Microsoft: the add-in runs within your own Microsoft 365 / Outlook environment; the re-attaching of the files takes place via Microsoft Graph using your own sign-in (see section 4). In this respect, Microsoft is not our processor — the processing takes place within your Microsoft tenant, for which separate agreements between you or your organisation and Microsoft apply. No disclosure of your data to third parties beyond this takes place.

09 Your rights as a data subject

Under the GDPR you have the following rights:

  • Access (Art. 15 GDPR)
  • Rectification (Art. 16 GDPR)
  • Erasure (Art. 17 GDPR) and restriction of processing (Art. 18 GDPR)
  • Data portability (Art. 20 GDPR)
  • Objection to processing based on Art. 6(1)(f) GDPR (Art. 21 GDPR)
  • Withdrawal of a consent given, with effect for the future

To exercise them, an informal message to the email address named in section 1 is sufficient.

Right to lodge a complaint (Art. 77 GDPR): you can lodge a complaint with a data protection supervisory authority. The authority responsible for the controller is:

Berlin Commissioner for Data Protection and Freedom of Information
(Berliner Beauftragte für Datenschutz und Informationsfreiheit)
Alt-Moabit 59–61
10555 Berlin
Phone: +49 30 13889-0
Email: mailbox@datenschutz-berlin.de
Web: datenschutz-berlin.de

10 Storage period & deletion

We store personal data only for as long as is necessary for the stated purposes or as long as statutory retention obligations exist. Server logs are processed in accordance with section 3. As this marketing website maintains no accounts and no cookies of its own, no further personal master data arises here; for the paid account area, see sections 14 and 15.

11 No automated decision-making

Automated decision-making, including profiling within the meaning of Art. 22 GDPR, does not take place.

12 Minors

The service is not directed at children. Persons under the age of 16 should not transmit any personal data without the consent of their legal guardians.

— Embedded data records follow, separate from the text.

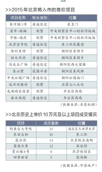 中原地产统计数据显示,北京历史上单价每平方米10万元及以上的项目有成交的只有6个,其中成交超过10套的项目只有4个。中原地产首席分析师张大伟分析表示,2015年,佳兆业广场、远洋刘娘府地块、保利首开东坝等大量主力户型在200平方米以上的高端项目将扎堆入市,这将导致高价住宅市场竞争进一步加剧,高价项目将进入肉搏时代。 京华时报记者邢飞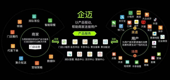 疫情迫使餐饮行业洗牌,商家也开始将原始的线下门店会员制转换成线上模式,通过小程序、公众号、微信群等方式对客户进行精细化运营管理,将更多的用户转换为会员。企迈科技提供的会员中心产品可以打通微信、天猫、美团、支付宝、线下门店等多渠道客户数据,构建品牌私域流量池,线上线下同步营销活动和会员信息,实现线上商城和线下门店联动获客、流量互通。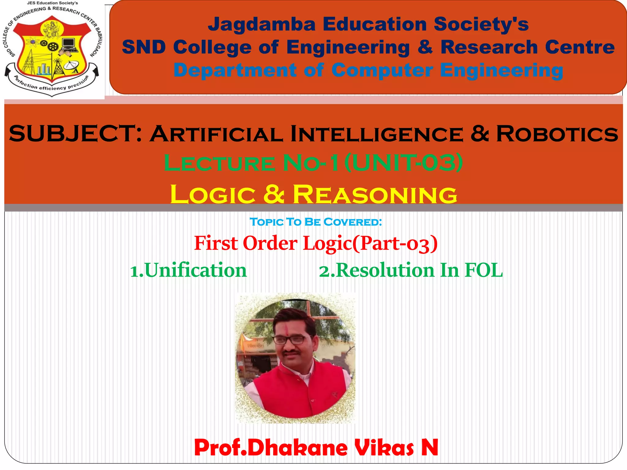 This document explains unification and resolution in first-order logic (FOL) as part of an artificial intelligence lecture. Unification involves making two logical expressions identical through substitution, while resolution is a theorem proving technique based on refutation proofs. Key steps in resolution include converting facts to FOL, transforming them into conjunctive normal form (CNF), and using unification to derive resolvents.

13 SSL/TLS encryption & changes

For security reasons, this site uses SSL/TLS encryption, recognisable by the „https://“ in your browser’s address bar. We adapt this privacy policy when the data processing or the legal situation changes. The version published here at any given time applies.

14 Account & paid plans

For the paid plans (Pro, Lifetime) and to manage mailboxes, we operate a user account in the account area (app.replywithattachments.com). This goes beyond the purely static marketing website described above.

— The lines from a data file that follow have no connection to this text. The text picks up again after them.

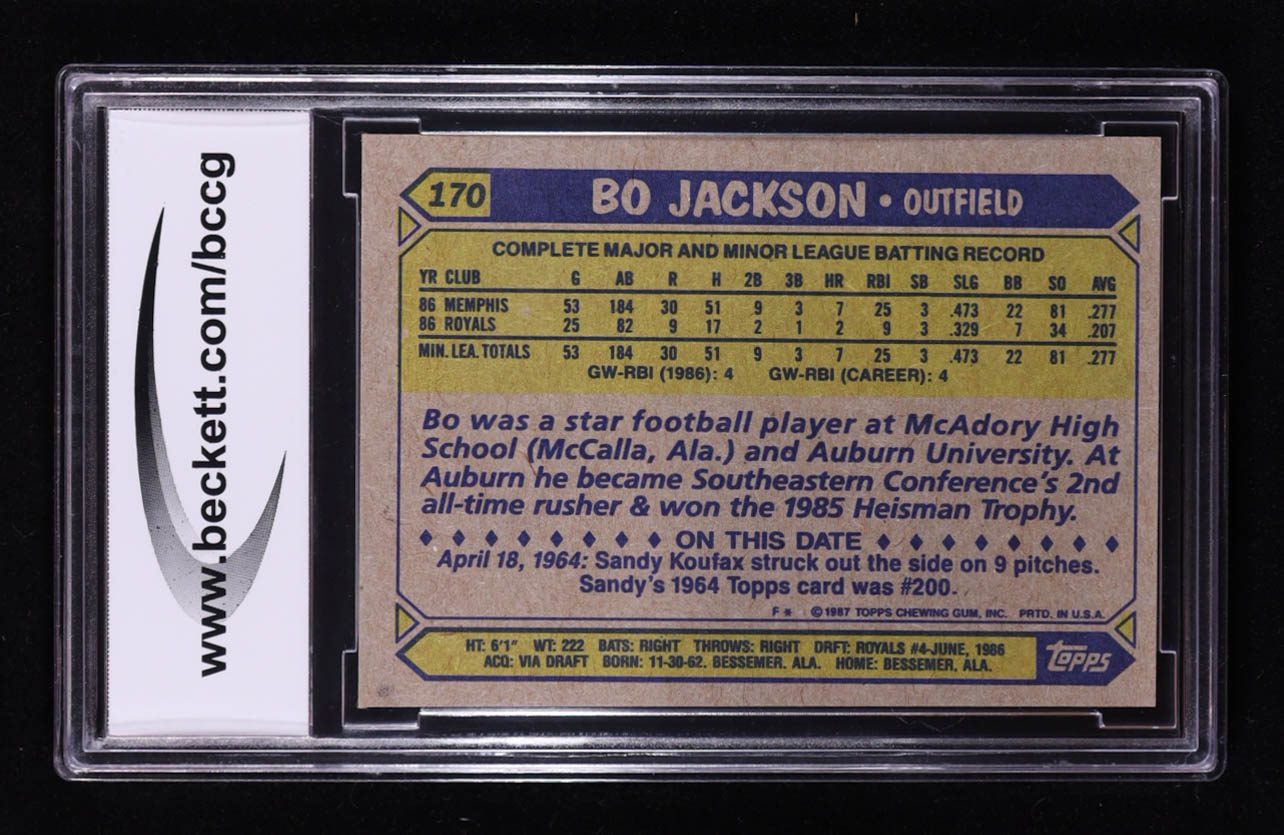 Bo Jackson 1987 Topps #170 RC (BCCG 10)
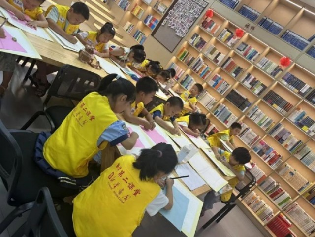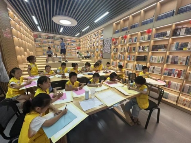 作品完成后,小朋友们轮流举起画纸,骄傲地介绍自己的创意。“这是我的‘魔法森林’,小兔子踩着云朵,蘑菇会发光!”“我画的小熊在看书,就像我们在书房里一样~”。没有“标准答案”,没有“必须这样画”的约束,只有天马行空的想象和不加修饰的童真。当所有画作在书架旁一字排开,仿佛一片小小的童话天地,连路过的读者都忍不住驻足点赞:“孩子们的想象力太厉害啦!”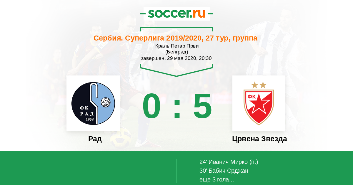 Новости матча Рад против Црвена Звезда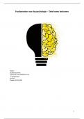 In dit document kun je het volledige take-home tentamen van het vak Fundamenten van de Psychologie vinden. De leerteamvragen, leerteamopdrachten, individuele opdracht en de reflectie. Ik heb hier een 7.5 voor gehaald.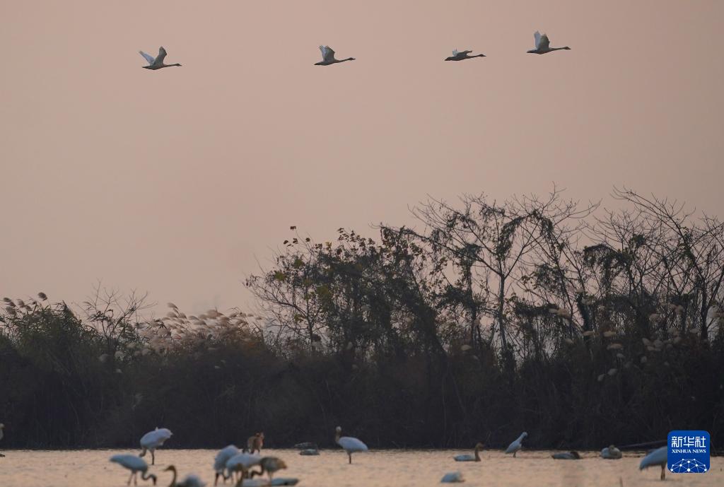 天鵝等候鳥(niǎo)在南昌五星白鶴保護(hù)小區(qū)內(nèi)棲息飛翔(12月17日攝)。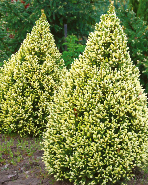 Карликовый хвойный кустарник с симметричной конической кроной, отличающийся необычной игрой красок в течение сезона. Весенние приросты нежного желто-кремового оттенка создают эффект свечения, постепенно переходя в светлый голубовато-зеленый тон, что придает растению особую декоративность.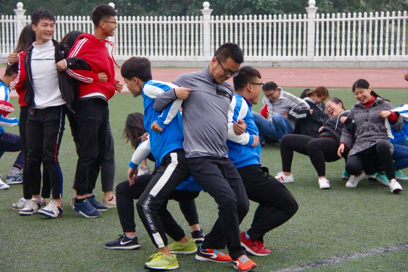本次素质拓展围绕着“坐地起身”、“盲人方阵”、“抢板凳”、“珠行万里”、“无敌风火轮”等系列活动展开,老师和员工共分为四组,各小组成员密切配合,从一次次重复演练到比赛正式开始的齐心协力,从失败到反败为胜,从游戏到每轮游戏结束后的团队反思和总结,在这些看似简单的环节中,处处可以感受到团队合作的力量。尤其在“抢板凳”项目中,每一个人动作机敏,生怕落后,男生展示出了绅士风度,为女生抢板凳,游戏过程充满了欢声笑语和感动。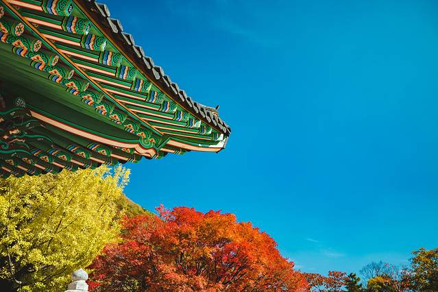 但我们这次追寻梵鱼寺而来,并不是因为它盛名的佛教,而是寻着秋天的色彩而来。据说,这里有着釜山最绚烂的秋色。
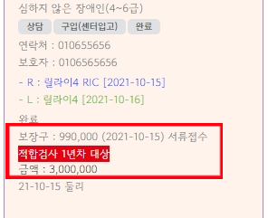 - 고객관리 목록에는 "보장구 신청일자"를 기준으로 1년차 ~ 4년차 대상자에 대해서 목록에 표기됩니다.

  • Data processed: email address, sign-in data (one-time code or password in hashed form), connected mailboxes/accounts (Exchange mailbox identifiers), plan and status information, sign-in timestamps.
  • Purpose & legal basis: provision and management of the account, authentication and performance of the usage contract — Art. 6(1)(b) GDPR; security and abuse prevention — Art. 6(1)(f) GDPR.
  • Transactional emails: for sign-in we send a one-time code and, where applicable, contract confirmations by email.
  • Cookies/tokens: the signed-in account area uses technically necessary cookies or comparable storage (e.g. session/authentication tokens); no consent is required for these (§ 25(2) no. 2 TDDDG). No tracking or marketing cookies are set.
  • Storage period: for the duration of the account; after deletion the data is erased unless statutory retention obligations apply (see section 15).

15 Payment via Stripe

Paid plans are processed via the payment service provider Stripe (Stripe Payments Europe, Ltd., Dublin, Ireland).

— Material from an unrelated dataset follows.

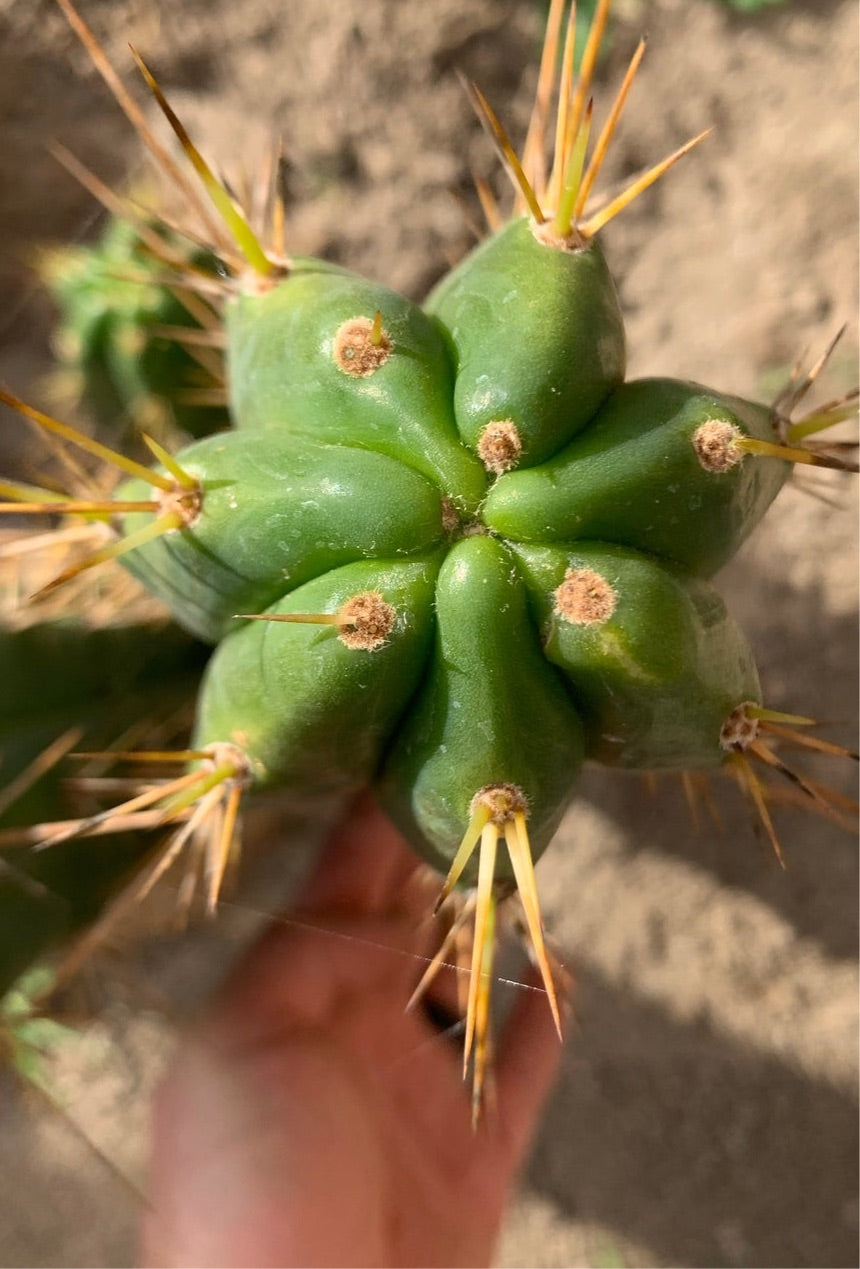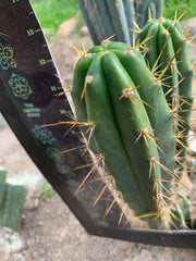 Psycho0’ x SS01 (Bridgesii x Peruvianus) . I love the yellow spines against dark green on this one. 12” pup to be cut upon purchase. .

  • Data processed: name, email address, billing and transaction data, payment-method data. Full payment-method details are collected and processed by Stripe; we do not receive them in clear text.
  • Purpose & legal basis: performance of the payment and the contract — Art. 6(1)(b) GDPR; compliance with tax and commercial-law obligations — Art. 6(1)(c) GDPR; fraud prevention — Art. 6(1)(f) GDPR.
  • Storage period: invoices/accounting records are retained in line with statutory retention periods (generally up to ten years, § 147 AO, § 257 HGB).